Lorsque ces deux éléments distincts se présentent dans l’espace de l’annonce, on peut plutôt dire que le slogan existe pour la signature, dans la mesure où, mettant en relief l’appartenance du produit, il est voué à faire mémoriser la marque. Il y a donc un rapport d’assujettissement du slogan à la signature. À titre d’exemple, Renault utilise, depuis des années, une formule « Renault, créateur d’automobiles ». Le constructeur l’insère dans toutes ses campagnes publicitaires (télévision, radio, presse, affiche, etc.) mais il l’insère ainsi dans les divers documents utilisés pour d’autres modes de communication, tels que le publipostage, le parrainage, le salon, etc. Marquée par la notion d’entreprise, cette formule est donc plutôt une devise de la marque qu’un slogan publicitaire à proprement parler.

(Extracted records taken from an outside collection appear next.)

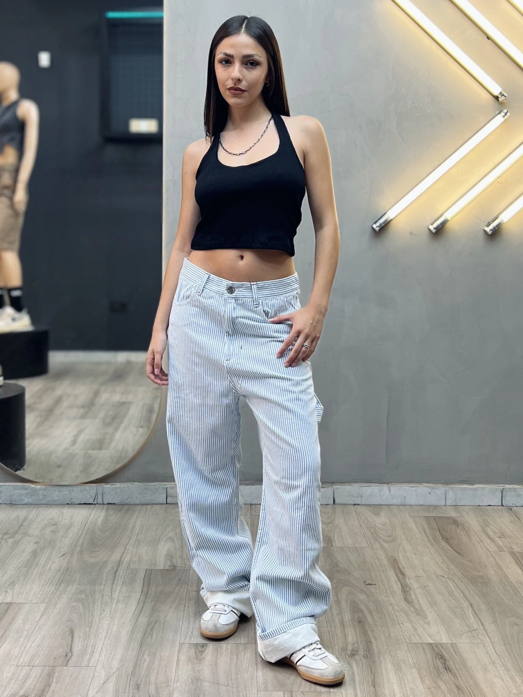 Para referencia de medida, la modelo mide 1.58m, usa Talle S.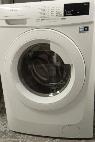 Lavadora de carga frontal de la marca AEG. - Color blanco. - Diseño moderno y funcional.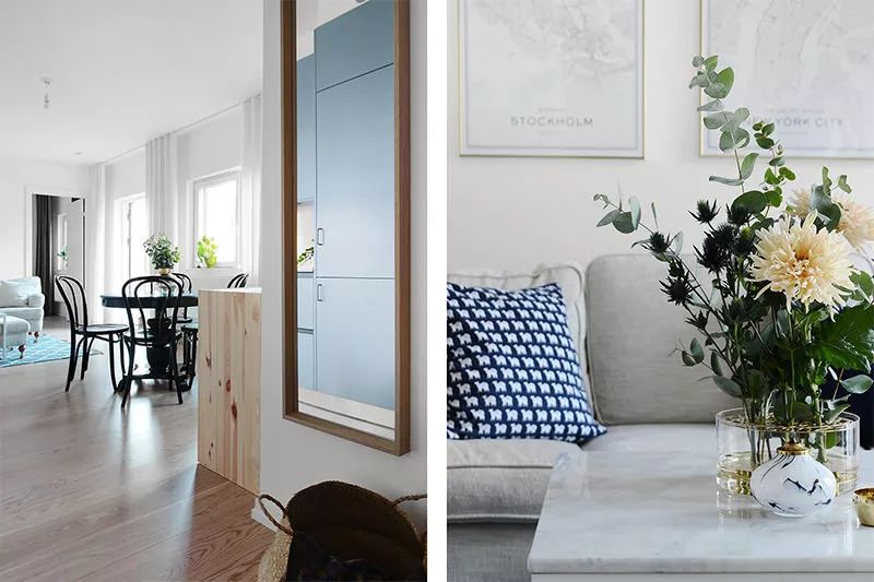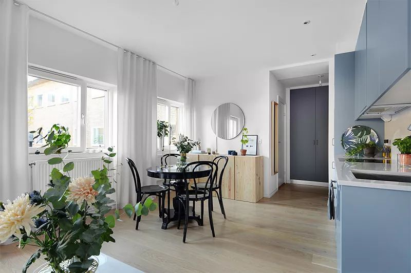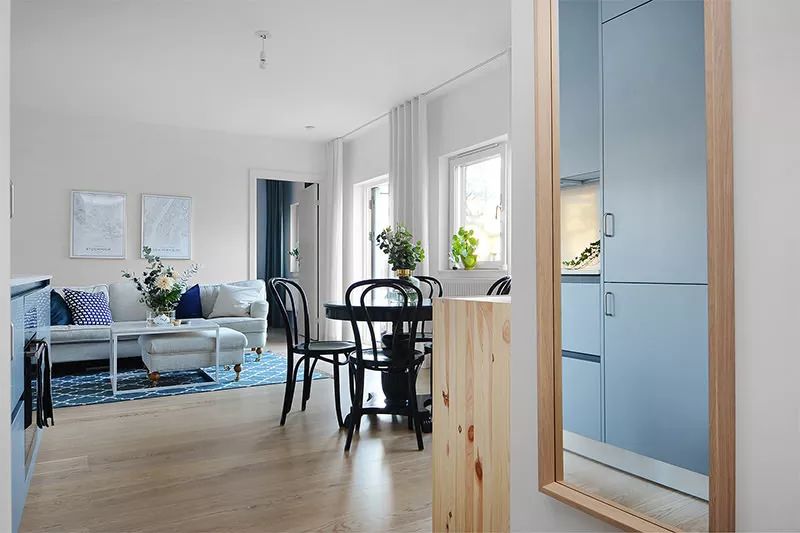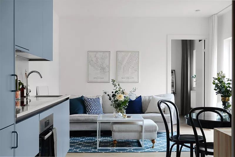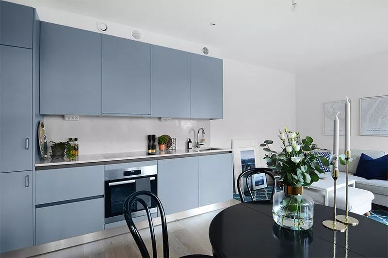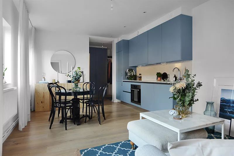 这间位于斯德哥尔摩的漂亮公寓面积仅38平方米,向我们展示了将环境融合的解决方案,使公寓拥有充足而温馨的房间。在此情况下,自然采光也有很大帮助。在这个特定的设计中,橱柜的蓝色调为室内带来现代而有趣的焦点。厨房与起居室完全融为一体,设计为生活元素,使其在社交环境中和谐共处。在这种环境中,冰箱则内置于高柜中。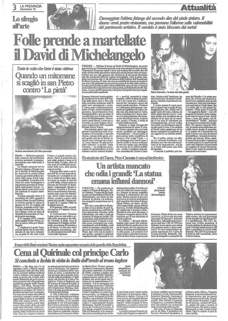 Il pazzo fu repentinamente bloccato da dai visitatori e da quattro custodi della vigilanza. Pietro Cannata, autore di quel disastro, all’epoca aveva 47 anni ed era riuscito ad entrare nella Galleria dell’Accademia con un martello nascosto nella tasca del giubbotto per poi scagliarsi contro il piede del David staccandone parte del dito.

Tout de même, une tendance actuelle de l’annonce nous démontre que le seuil séparant l’accroche de la signature tend à devenir flou, au fur et à mesure que se présentent des occurrences où une formule, signature à l’origine, se transforme en accroche ou vice-versa. Si, dans l’annonce imprimée, on peut aussi saisir cette formule déjà citée, « Tous les bonheurs du monde » (Club Med) comme un slogan, c’est parce que se détachant de l’écusson, la devise de l’entreprise, qui était sa signature, fonctionne désormais comme une accroche. C’est-à-dire que s’efface la frontière entre la communication pour le produit et la communication pour l’entreprise.

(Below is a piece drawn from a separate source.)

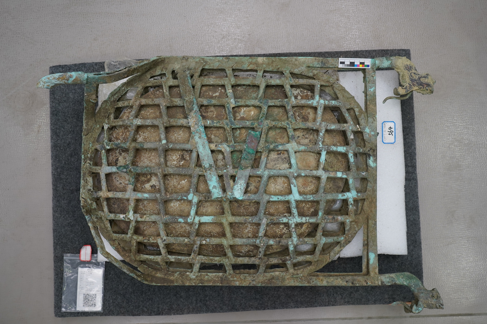三星堆遗址祭祀区7号坑出土。青铜龟背形网格形器呈长方形,上下对称,中间为椭圆形,中部隆起,周边为矩形边框,四角向外伸出龙头。青铜网格之中装有一块磨制精致的椭圆形青绿色玉器,上下对称呈弧背状。青铜网格及玉器表面均有大量纺织物残余。两条青铜条带穿过网格和玉器。此器造型独特,前所未见,功能尚不明确。

Finalement, compte tenu du fait que le paysage publicitaire actuel tend à devenir de plus en plus confus, il conviendrait peut-être de caractériser le slogan publicitaire de l’annonce comme une « formule vide ». Ainsi, cette caractérisation du slogan y reconnaît qu’il requiert des efforts, conformément au caractère médiatique de support lu de l’annonce imprimée et affichée. Selon nous, le slogan est finalement caractérisable comme une « formule verbale » qui sert à identifier, à l’aide d’une intuition, au cours du

processus de la perception191. En ce sens, nous pouvons adopter cette description du slogan proposée par Blanche-Noëlle Grunig :

Le slogan est actuellement, et provisoirement sans doute, un enchaînement verbal, de longueur très souvent réduite à une ou deux phrases ou interventions, qui occupe une position perceptivement remarquable dans l’affiche ou la page (grâce à la taille et la qualité de ses caractères et à la répartition dans l’espace des différentes manifestations iconiques ou verbales). C’est à notre avis ce caractère relatif, résultant d’une comparaison perceptive, qui désigne le slogan.192

Nous croyons que cette manière de déterminer le slogan est finalement la meilleure façon de pouvoir l’identifier, vu l’imbroglio sémiologique et l’embarras terminologique régnants. D’ailleurs, n’est-ce pas de cette manière que, par un « débrouillage » opéré en situation de communication, le public reconnaît quotidiennement et spontanément le slogan publicitaire ?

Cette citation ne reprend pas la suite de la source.